O “Cavalo Branco”, o “Jotabê” e o “Andarilho Johnnie” começam a se retirar das prateleiras. Pouco a pouco, as adegas de restaurantes, bares e casas noturnas têm sido tomadas por requintadas coleções de cachaça. Artesanal, caprichada, envelhecida em alambiques de carvalho, bálsamo, amendoim, imburana e até de pau-brasil, a bebida nacional compõe um cenário colorido, da mais límpida transparência ao caramelo mais escuro. Não importa a embalagem, o conteúdo faz a festa de quem ousa desafiar os últimos resquícios de preconceito e trocar o destilado escocês pela “marvada”. Hoje, muitas marcas têm preços superiores aos da maioria dos uísques, um absurdo em se tratando de produto nacional. Isso significa que muita grana deve circular nas duas feiras dedicadas à bebida que acontecem este mês. No domingo 11, haverá o encerramento da Expo Cachaça BH 2004, realizada na Serraria Souza Pinto, em Belo Horizonte. A última edição do evento atraiu 43 mil visitantes e expôs 800 marcas de 18 Estados. Entre os dias 22 e 25, é a vez de o Parque de Exposições do Anhembi, na capital paulista, receber 400 marcas de 21 Estados na Brasil Cachaça 2004. Palestras, cursos de degustação e atrações culturais atrairão um público tão diversificado quanto o de consumidores.
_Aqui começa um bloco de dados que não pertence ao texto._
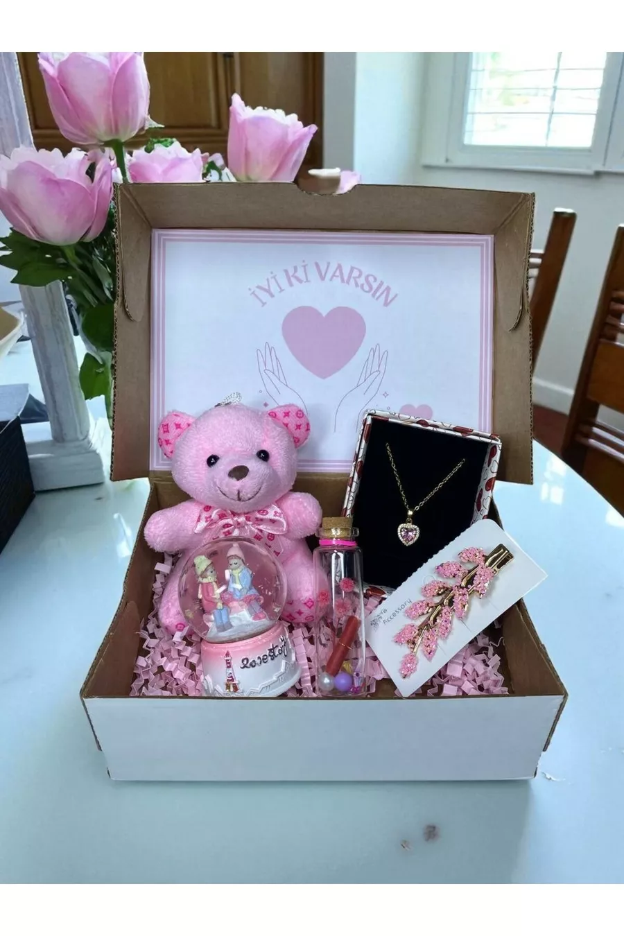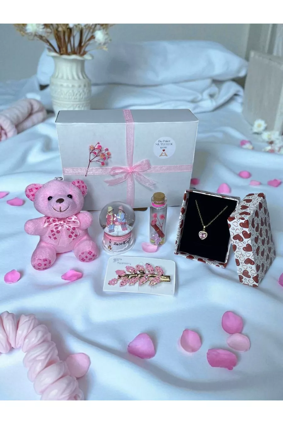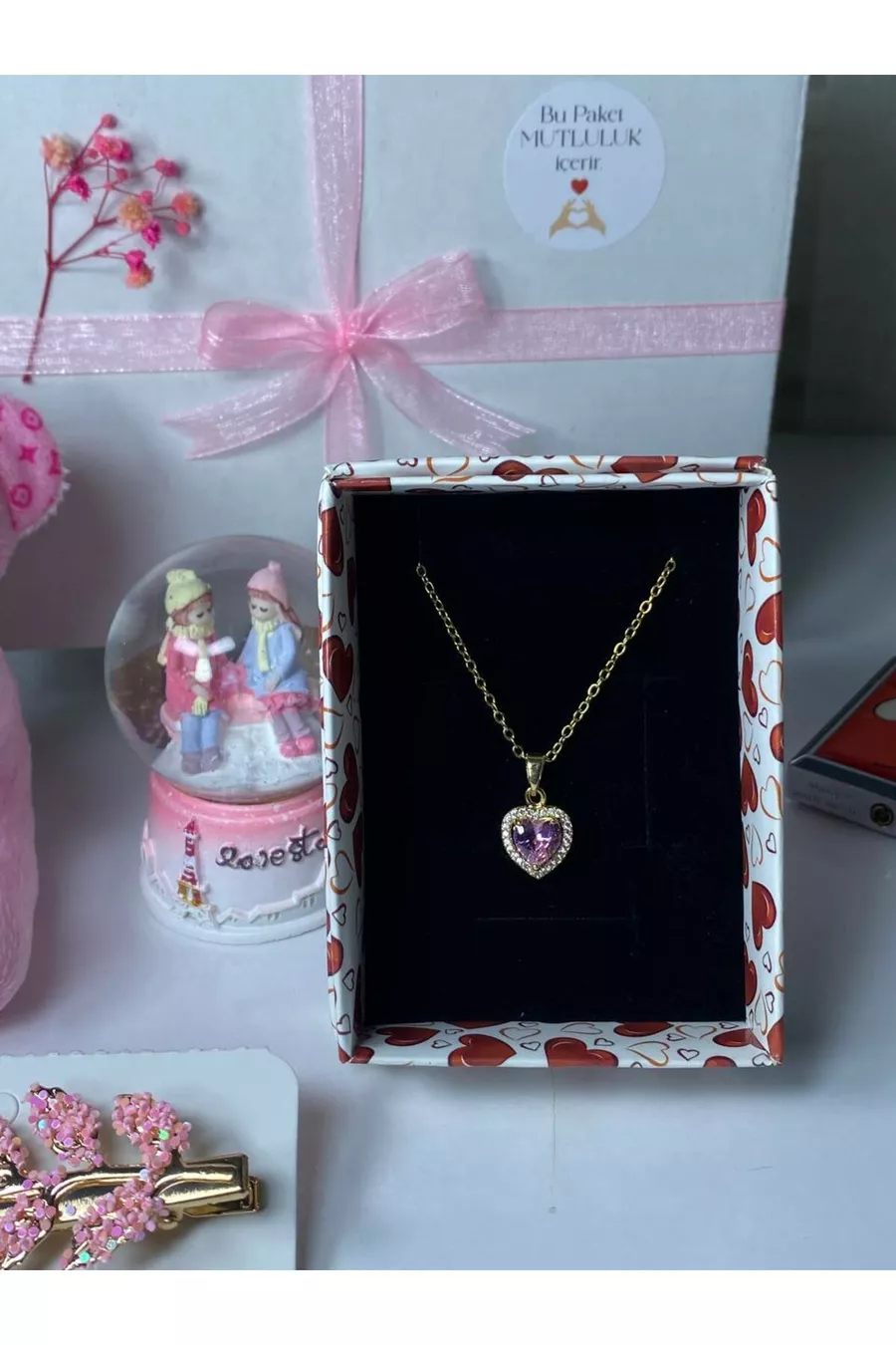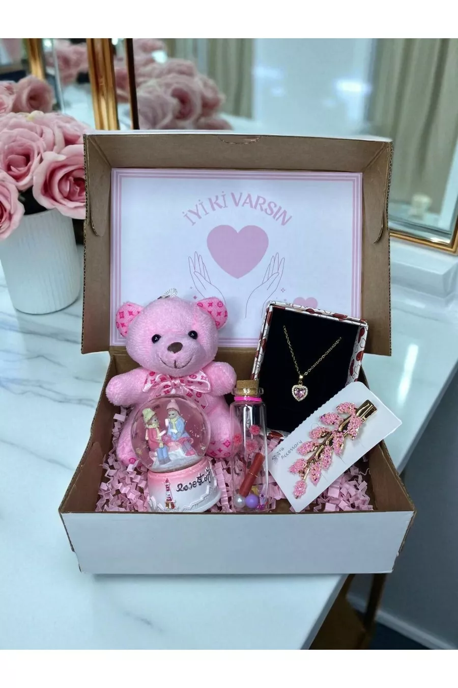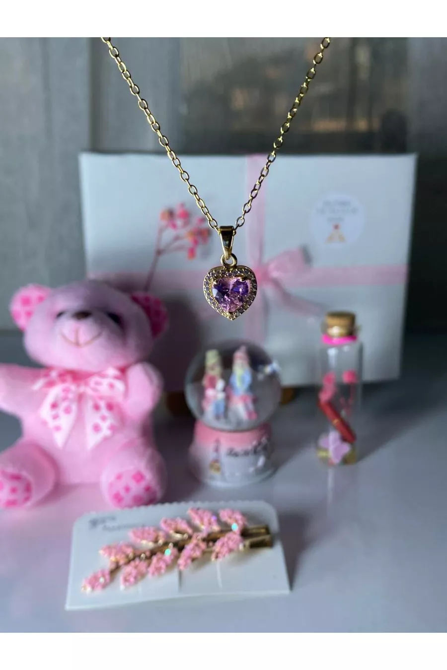 Other Features: A meaningful gift box for special occasions with a plush teddy bear, heart necklace, light-up snow globe, hair clip, and wish bottle. Origin: TR
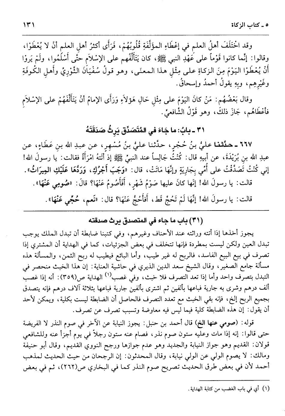 [667] يجوز أخذها إذا أتته وراثته عند الأحناف وغيرهم، وفي كتبنا ضابطة أن تبدل الملك يوجب تبدل العين ولكن ليست بمطردة فإنها تتخلف في بعض الجزئيات، كما في الهداية أن المشتري إذا تصرف في بيع البيع الفاسد، فالربح له غير طيب، وأما البائع فيطيب له ربح الثمن، والمسألة هذه مسألة جامع الصغير، وقال الشيخ سعد الدين الذيري في حاشية العناية: إن هذا الخبث منحصر في التبدل بتصرف واحد وأما إذا تعد التصرف فلا خبث، وفي غصب الهداية ص (359) : أنه إذا غصب ألف درهم وشرى به جارية فباعها بألفين ثم اشترى بألفين جارية فباعها بثلاثة آلاف درهم فإنه يتصدق بجميع الربح إلخ، فإنه بقي الخبث مع تعدد التصرف فالحاصل أن الضابطة ليست بكلية، ويمكن لأحد أن يقول: إن هذه الضابطة كلية فيما ليس فيه معاوضة وتسبب تصرف عن تصرف.
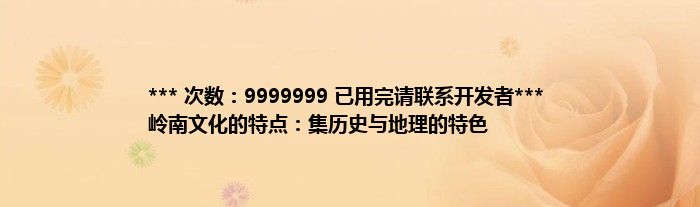 本文*** 次数:9999999 已用完请联系开发者*** 岭南文化的特点:集历史与地理的特色到此分享完毕,希望对大家有所帮助。
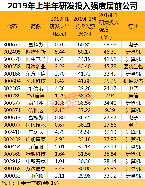 中报披露已收官,上市公司研发投入情况密集曝光,A股市场的研发支出如何,又有多少家公司研发投入强度超华为?

Os empresários pegam carona nessa repentina supervalorização do produto e investem em cachaçarias cada vez mais sofisticadas. Em maio, foi inaugurada em São Paulo a Cachaçaria Pompéia, provavelmente a maior do País, com 320 lugares e uma área total de 9,4 mil metros quadrados, com espaço para leilões de animais e uma minifazenda com pôneis, um avestruz e passeio de charrete. “Criamos um espaço rural no meio da cidade. Fica cheio de casais com crianças nos finais de semana e de executivos de segunda a sexta. Na hora do almoço, servimos comida mineira e, à noite, os clientes são atraídos por nosso cardápio com 350 rótulos de cachaça”, conta Luis Alberto Toquetão, sócio da casa.

A escolha e o fornecimento das garrafas são tarefas dos empresários Carlos Gonzalez e João Rodrigues, que trocaram o comércio de vinhos pelo de aguardente. “Pouco tempo atrás, eu só bebia uísque. Um dia, em um almoço de negócios, me convenceram a experimentar uma cachaça envelhecida 12 anos. Fiquei com medo de ficar com dor de cabeça e achei que minha mulher ia me chamar de cachaceiro quando eu chegasse em casa cheirando a pinga. Não aconteceu nada disso. Desde então, minha bebida é a cachaça”, conta Gonzalez. Os dois profissionais – que de enófilos se tornaram “cachaciers” – comemoram ainda este mês a inauguração de uma cachaçaria dentro da Porto Alcobaça, agitada casa noturna paulistana. Com o parceiro Toquetão, negociam a construção em Xangai, na China, de um espaço semelhante à Cachaçaria Pompéia. “Já fizemos diversas reuniões com empresários de lá. A idéia é criar um espaço dedicado à gastronomia e ao estilo brasileiros”, conta Gonzalez.

No Rio de Janeiro, os apreciadores da cachaça contam, desde dezembro, com a charmosa Mangue Seco, de Plínio Fróes, também proprietário da Rio Scenarium, um dos estabelecimentos mais badalados da rua do Lavradio, próximo à Lapa. A casa tem um restaurante de peixes e frutos do mar no térreo e reserva o piso superior aos amantes da boa aguardente. Já estiveram ali o governador de Minas, Aécio Neves, o cartunista Ziraldo, a cantora Ângela Ro Rô e a atriz Letícia Sabatella. A carta tem 106 marcas, de até R$ 35 a dose (Anísio Santiago), e foi montada com a supervisão de Paulo Magoulas, presidente da Academia Brasileira da Cachaça. Entre os rótulos mais curiosos estão a Mingote – produzida na fazenda de Aécio Neves em Cláudio (MG) e batizada com o apelido do trisavô de Tancredo Neves, Domingos – e a Providência, a aguardente preferida de Juscelino Kubitschek, produzida em Ruenópolis (MG). “Dizem que, quando JK estava no meio de uma reunião muito chata, pedia licença para se ausentar por alguns instantes dizendo que precisava tomar uma providência. A garrafa o aguardava na sala ao lado”, conta Fróes. O público da Mangue Seco é formado principalmente por pessoas descoladas, de meia-idade, que consomem a bebida sem perder a linha. “Na escada que divide os ambientes ainda não registramos nenhuma queda”, brinca o proprietário.